The required output is the exact run of lines in the listing below from the line holding "Jersey de coton" through the line holding "Ferme cherche projet", with no pictures.

◆ ◆ ◆ ◆ ◆

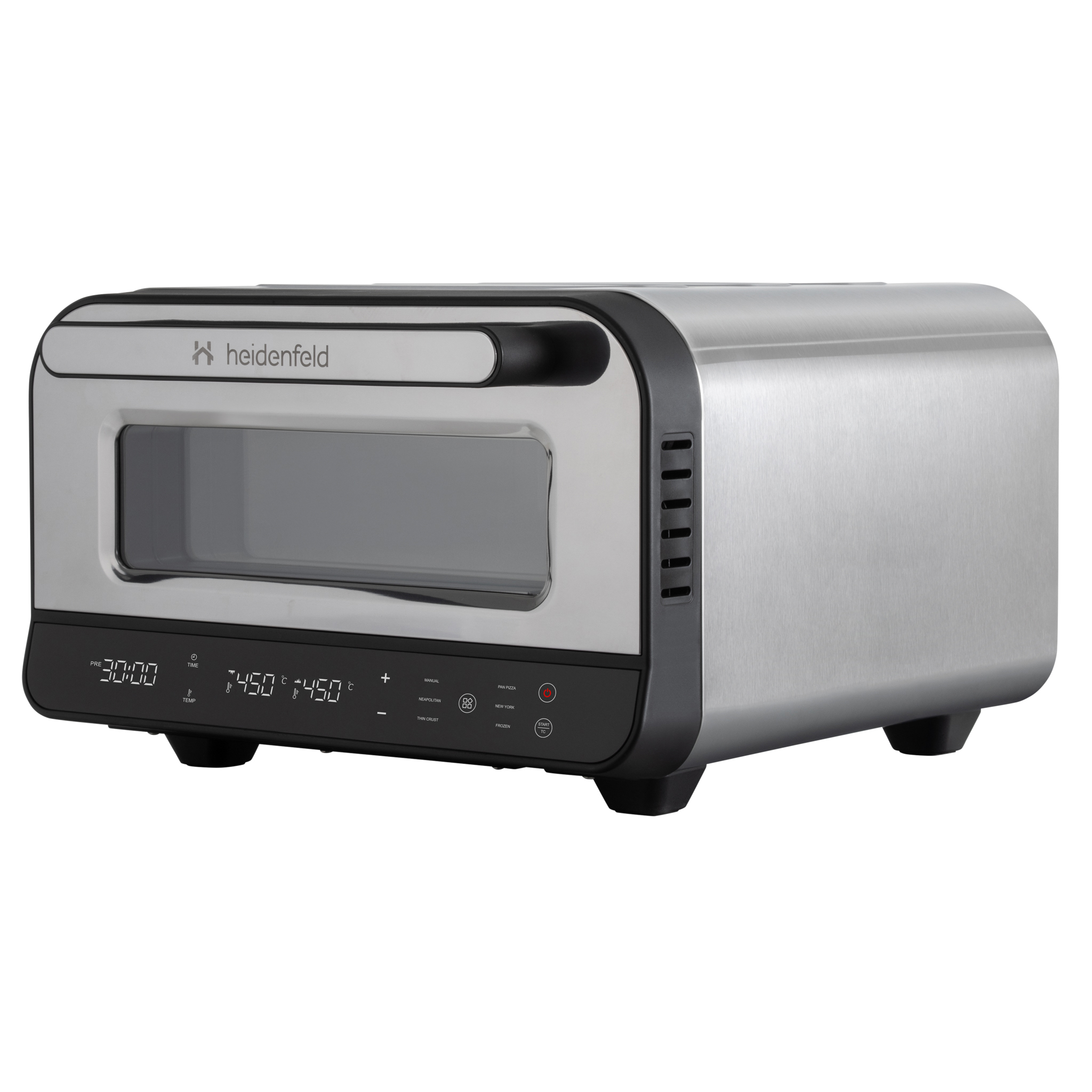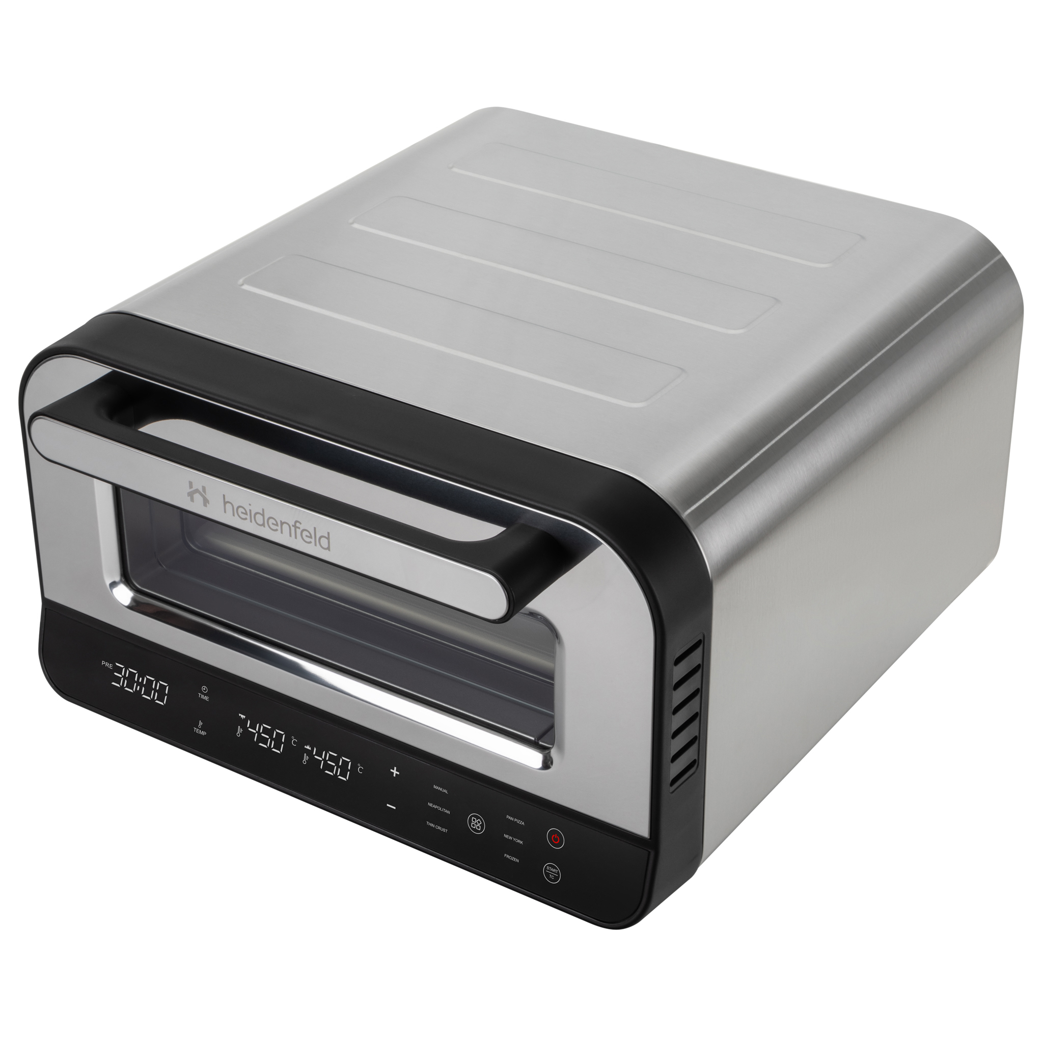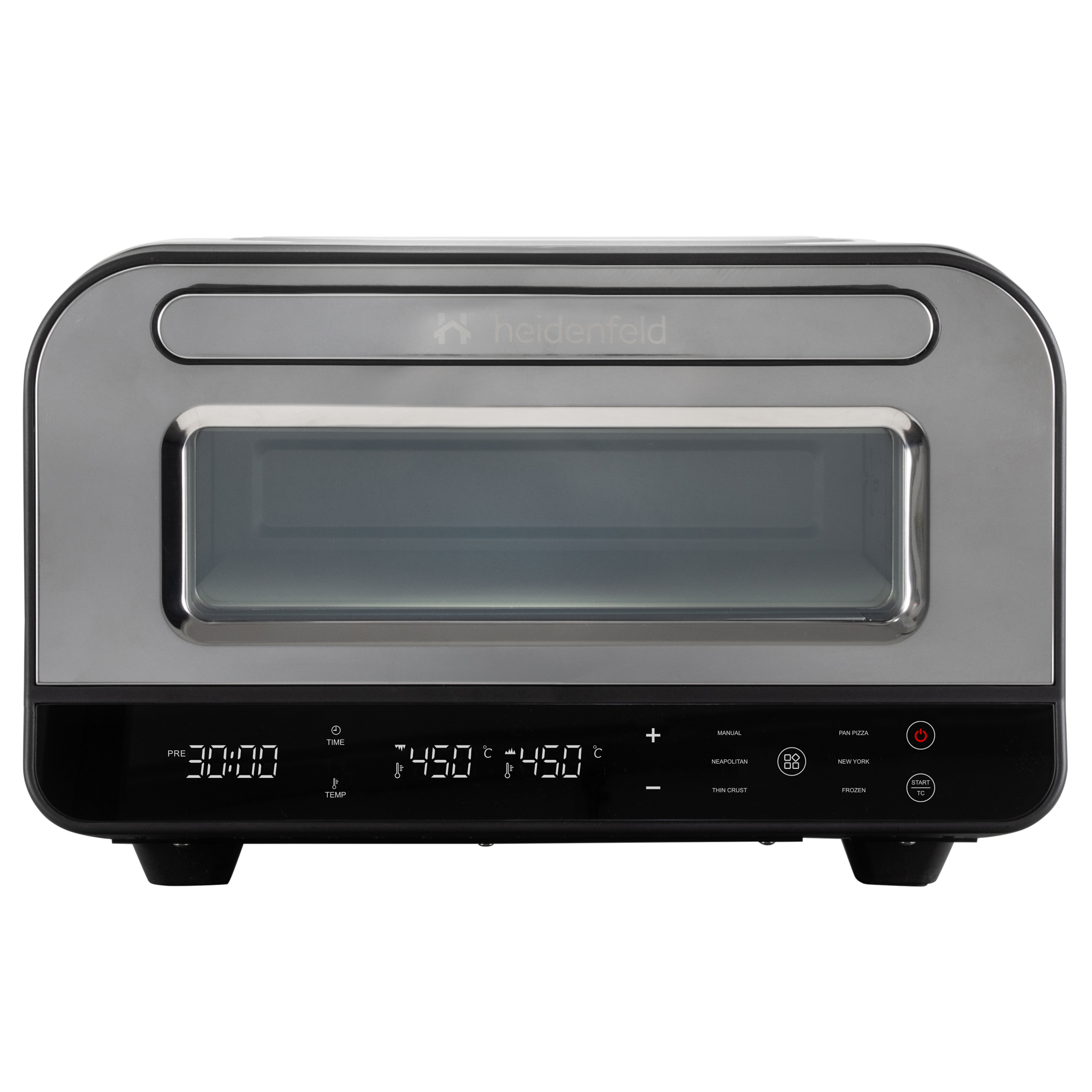 Sein Edelstahlgehäuse und die markante Front mit Sichtfenster machen ihn zum Highlight jeder Küche. Einfach anschließen, aufheizen und genießen – Ready to Use, wie man es von Heidenfeld kennt.
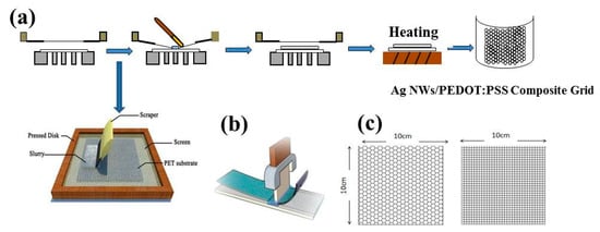 Schematic illustration of the screen-printed process of Ag NWs/PEDOT:PSS composite grids.
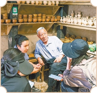 记者采访维吾尔族模制法土陶烧制技艺代表性传承人。李 红摄
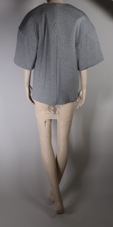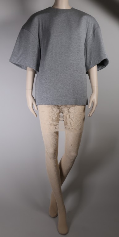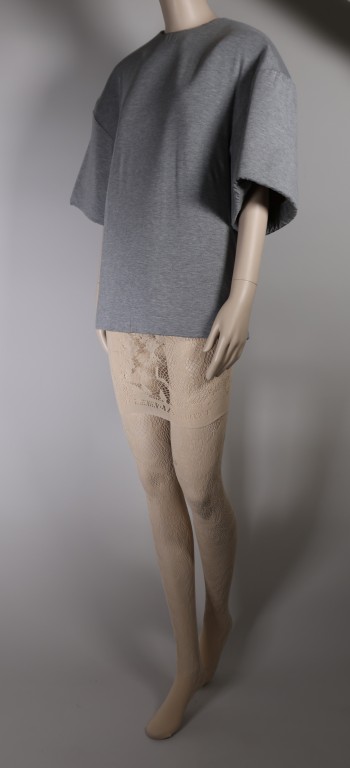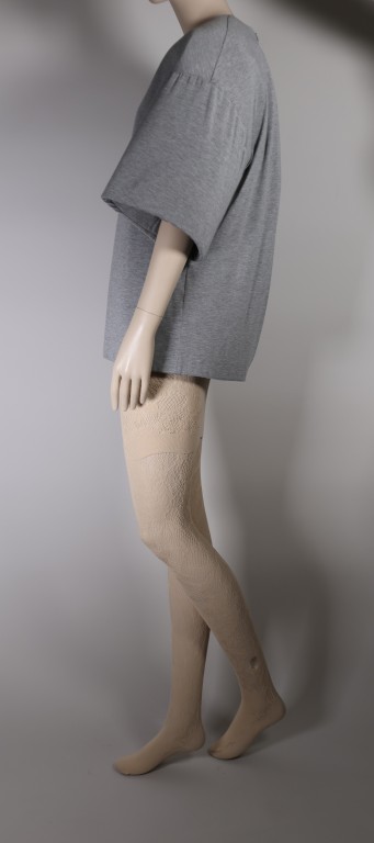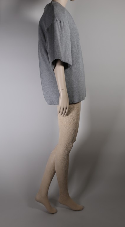 Jersey de coton gris et mousse plastique chair, maille de polyamide et élasthane chair et cuir beige.
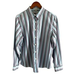 Foxcroft Women’s Non-Iron Button Down Shirt Shaped Fit Long Sleeve Striped Sz 12
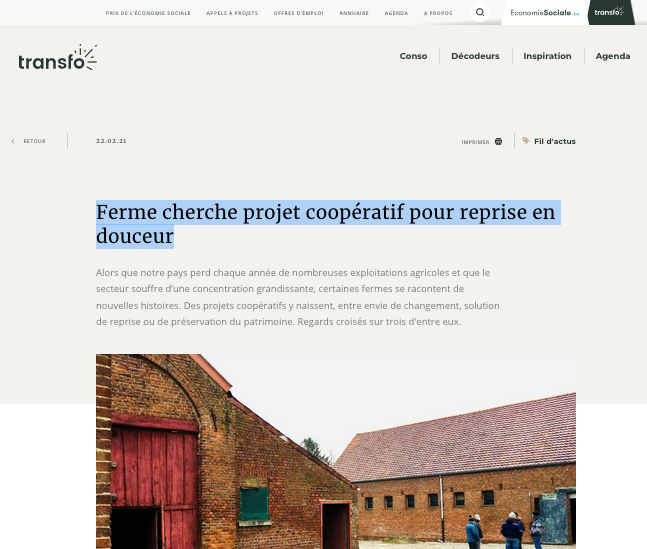 Ferme cherche projet coopératif pour reprise en douceur – Transfo
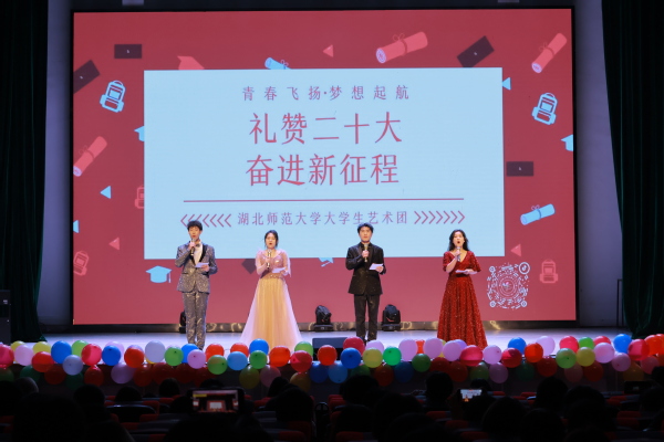 本网讯 为深入学习贯彻党的二十大精神和完美(中国)官方总书记关于青年工作的重要思想,进一步发挥文化育人功能,丰富校园文化生活,3月18日晚,校大学生艺术团在湖师大礼堂举行了“礼赞二十大,奋进新征程”文艺汇演。校党委常委、副校长余涛,校党委宣传部、学工部、教务处、团委等单位负责人出席活动。

◆ ◆ ◆ ◆ ◆

■ Output for this task
 Jersey de coton gris et mousse plastique chair, maille de polyamide et élasthane chair et cuir beige.
 Foxcroft Women’s Non-Iron Button Down Shirt Shaped Fit Long Sleeve Striped Sz 12
 Ferme cherche projet coopératif pour reprise en douceur – Transfo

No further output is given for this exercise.